In any case, if a serif or a sans serif font is a more suitable font for logo designs, is a matter of what you’d like to convey with your logo rather than going only by readability at small sizes. In fact, make whether to use a sans serif or a serif font your very first decision when selecting a typeface for your brand. Here’s a simple checklist to help you through the process:
Serif fonts: Well-known examples: New York Times, Vogue, Zara, Etsy, Burberry, Volvo. Serif fonts often convey one or more of the following: sophisticated, classy, warm, personal, depth, craftsmanship, elegance.
Sans Serif fonts: Well-known examples: TED, Venmo, Diesel, Dunkin’ Donuts, Stripe, Google. Sans serif fonts often convey one or more of the following: straightforward, clean, technology, approachable, modern.
Which Industries Should Use What Fonts for Logo Designs?
Logos for Food & Restaurants: Use a serif when focus is on homegrown, homemade; using a sans serif means that the focus is on clean and simple.
Logos for Beauty Salons, Products & Wellness: Use a serif when focus is on a unique experience or custom, personal formula; a sans serif says clean ingredients, simple care line.
Logos for Marketing & Sales: Use a serif when the focus is on high-end marketing or for publishing industries; use a sans serif when you’re aiming for a broad audience.
Logos for Fitness & Wellness: Consider a serif for a personal experience, focus on women, or finer sports; use a sans serif for a broader audience, or a mix of sports.

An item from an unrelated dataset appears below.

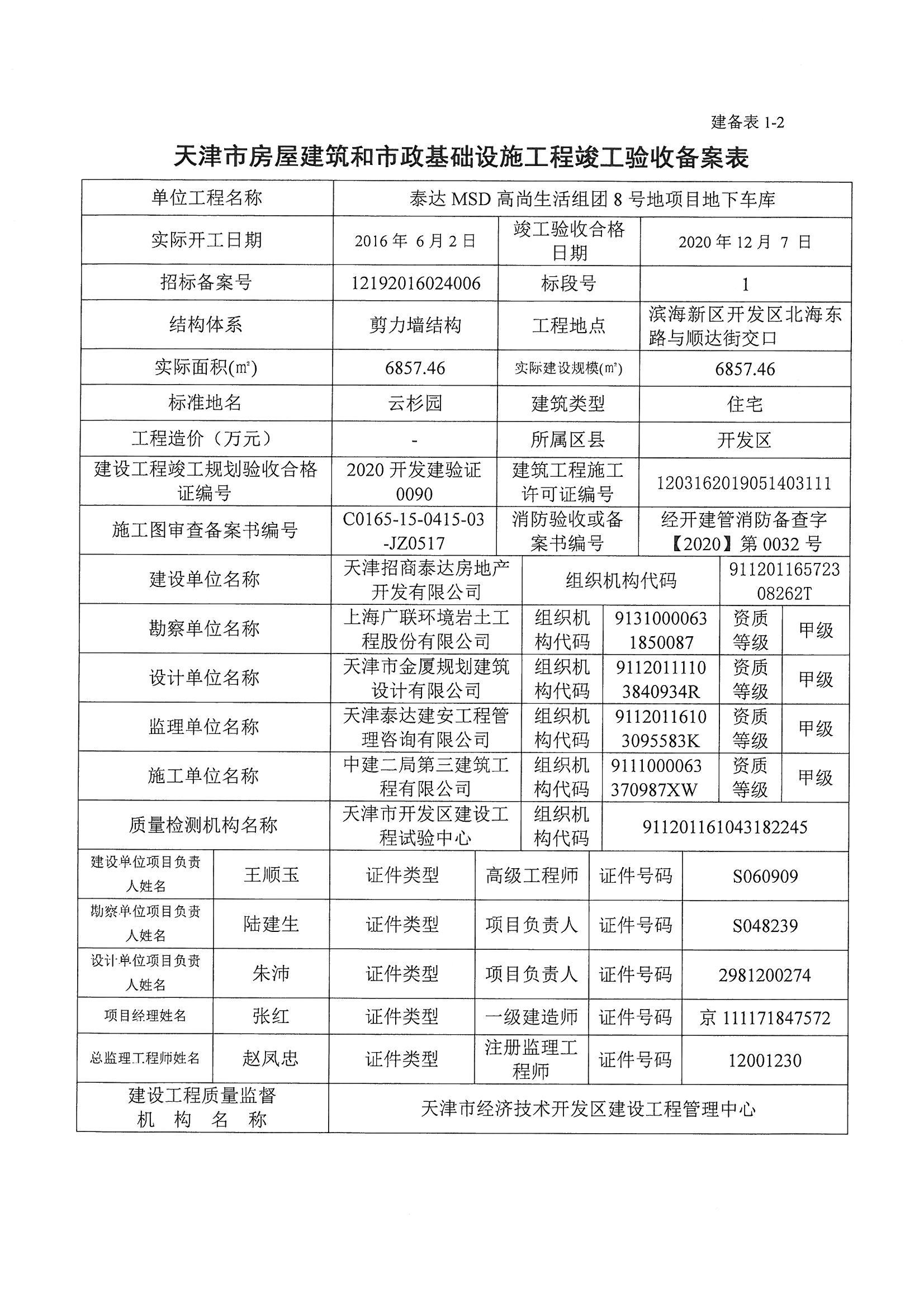 泰达MSD高尚生活组团8号地项目地下车库竣工验收备案

Logos for Fashion: Use a serif for sophisticated fashion, fashion with a historical background; use a sans serif for modern, contemporary fashion or a broader appeal.

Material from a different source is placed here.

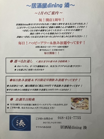 1月23日~1月31日の期間で開店1周年イベント開催♪ハッピーアワー毎日開催中!早割やお誕生日特典もご用意◎

Logos for Finance & Legal: Use a serif font for a classy, more expensive firm; use sans serif for more affordable offerings or a younger audience.

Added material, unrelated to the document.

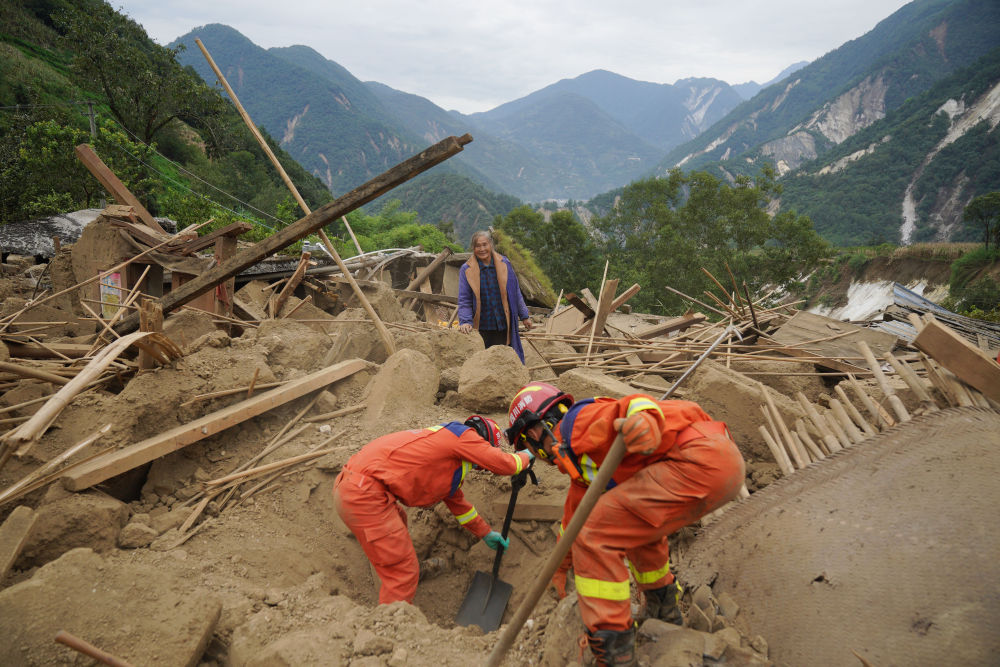 9月7日,四川眉山消防救援隊(duì)隊(duì)員在幸福村二組,幫助村民在倒塌的房屋中找尋物品。

Logos for Media & Publishing & Communications: Consider a serif for classic book publishing, sophisticated writing services; use sans serif for contemporary publications, affordable writing services, and modern PR.
Logos for Nonprofits & Politics: Use serif fonts for a more sophisticated audience or nonprofits with educational purposes; use sans serif fonts when the focus is on loud and actionable communication.
Logos for Crafts: Use serifs when focusing on craftsmanship and personal creations; use sans serifs for focus on modularity and modern pieces.
Logos for Pets: Use serifs for a focus on elegance, use sans serifs for a focus on friendly, ease of use, and basic items.
Logos for Kids: Use serifs for a focus on education, personalized approach, pricier items; use sans serifs for focus on fun, simplicity, and affordability.
Logos for Apps & Tech: Consider serifs for B2B companies whose customers also use serif fonts or apps offering high-end solutions; most often: use sans serifs to show ease of use and approachability.
Logo Templates by Industry
What’s the Cost for Logo Fonts?
Option 1: You can buy a single font style from type studios or on font platforms such as MyFonts, Creative Market, or FontShop for around $35. You’ll then need to install that font on your computer and activate it in order to create a logo with a graphic program that you have on your computer.
Option 2: You can get free fonts from Google Fonts that you can download to use for a logo design. To make your branding more cohesive, you can also use the very same font from Google web fonts for all of your copy on your website, such as Wix, WordPress, Squarespace, and so on.
Option 3: At Mojomox, you can design your logo right here with our logo maker using our modern and unique fonts specifially crafted for logo designs. To keep your branding consistent, you can also use the same font you picked for your logo on your website. Check out everything you’ll get with a subscription.
Summary of Modern Fonts for Logo Designs
With the rise of interest in typography, more fonts are available across many websites and platforms. While experimenting with type is fun, professional branding requires consistency and that means keeping your brand’s typeface for years to come. For that reason, it’s key to pick a font that’s classy and won’t go out of style anytime soon.